# DU - Slow youtube



## spacemanDXB (Jan 27, 2011)

Dear All,

Are any of you experiencing slow youtube on DU connection? I have 16mbps connection and can't open movies on a regular basis. Reloading the youtube page helpds though. Other video sites (like vimeo) works great. I did not experience this on Etisalat. It has started few months ago and now it's even worse.

EDIT: By openining I meant that they are buffering very slooooooooooooowly until I reload.


----------



## Gavtek (Aug 23, 2009)

Yeah, I get this problem too, download speed is lightning fast, yet I struggle to watch a YouTube video from start to finish smoothly.


----------



## spacemanDXB (Jan 27, 2011)

spacemanDXB said:


> Dear All,
> 
> Are any of you experiencing slow youtube on DU connection? I have 16mbps connection and can't open movies on a regular basis. Reloading the youtube page helpds though. Other video sites (like vimeo) works great. I did not experience this on Etisalat. It has started few months ago and now it's even worse.
> 
> EDIT: By openining I meant that they are buffering very slooooooooooooowly until I reload.


What kind of connection you have? I just upgraded from regular 16mbps to premium 16mbps (there is 4mbps upload instead of one). I know that this 4mbps will not have affect on youtube, but maybe they give a better priority for premium user. Shall see..


----------



## Gavtek (Aug 23, 2009)

Not sure, the fastest one they offer for home users, whatever that is. 30 I think?


----------



## spacemanDXB (Jan 27, 2011)

Gavtek said:


> Not sure, the fastest one they offer for home users, whatever that is. 30 I think?


That depends, they have new offers. Previously it was 24mbps/1mbps regular and 40/something premium now they are having 100mbps/10mbps for premium users.
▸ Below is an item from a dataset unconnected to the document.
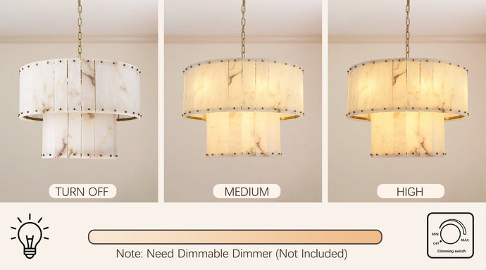 This alabaster chandelier is even more stunning in person—photos don’t do it justice. Installed above my living room, its soft, diffused glow creates instant warmth. The natural veining feels alive, especially with the included dimmable bulbs. Being able to adjust the light tone makes it perfect for any mood. A true masterpiece worth every dollar.

Question is if you have 40/something mbps premium or 24/1mbps regular


----------



## Gavtek (Aug 23, 2009)

No idea, I didn't pay that much attention, just chose the best package, I can download at 3mb/s if that helps.


----------



## saraswat (Apr 28, 2012)

You might want to look into re-installing/updating your flash software (adobe flash player is what most video streaming clients use). Also, do the following:
1. when you open a youtube link, right click on the video. In the menu that pops up, select 'Settings'.
2. Another smaller window will show up, with images of a computer, folder, mic etc.. In the first tile, there should be a checkbox with 'Enable video accelaration', uncheck it (click the tick mark to remove it). 
3. Finally, go to the tile with the folder having a green arrow pointing downwards, there should a slider in this tile, take it all the way to the right (the text will change to unlimited). That should help with the video playing/buffering... 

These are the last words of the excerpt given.